I don't do milk that often, so hadn't really noticed this, but the last few times I have steamed milk, there has been a fair bit of steam from the grouphead, culminating in a "pop" and the group seal being dislodged by a few mm, enough to not allow the portafilter to be attached without re-seating the seal.

Since I mostly make espresso, this doesn't crop up that often.

Any ideas why, and whether I should be concerned?

Thanks


----------



## jimbojohn55 (Jan 15, 2016)

sounds as though something is not right, do you descale? how old is the machine? how old is the group head seal?


----------



## DaveP (Jul 14, 2017)

> Any ideas why


The boiler may be bunged up with scale, so descale. also the steam stat maybe operating at far to high a temperature, but less than what the thermal fuse melts at.

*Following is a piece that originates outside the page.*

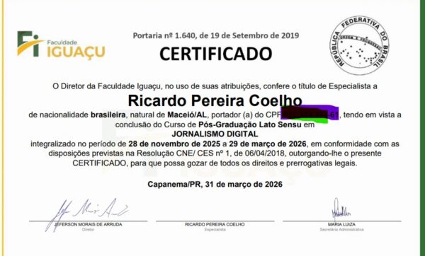 Vivemos em uma era onde “a sua comunicação fala, mas a sua linguagem corporal decide se acreditam em você”. No entanto, no ambiente vasto e veloz da internet, essa presença precisa de ferramentas técnicas e éticas para se manter sólida. É por isso que hoje compartilho com vocês uma etapa fundamental da minha trajetória: a conclusão da minha Pós-Graduação em Jornalismo Digital pela Faculdade Iguaçu.

So descale first and see if that helps, then change the steam stat if required.


----------



## timmyjj21 (May 10, 2015)

To pop the group seal, you need excess pressure behind it, which basically shouldn't happen. Take off the shower screen and the aluminium dispersion plate and ensure it is all clean, remove all buildup of coffee oils. If the dispersion plate is corroded badly and potentially allowing leakage around behind the group seal then I would be replacing it.

Make sure the group seal is the correct way around. All writing and rounded edges go in, with the flat edge and sharp corner outside.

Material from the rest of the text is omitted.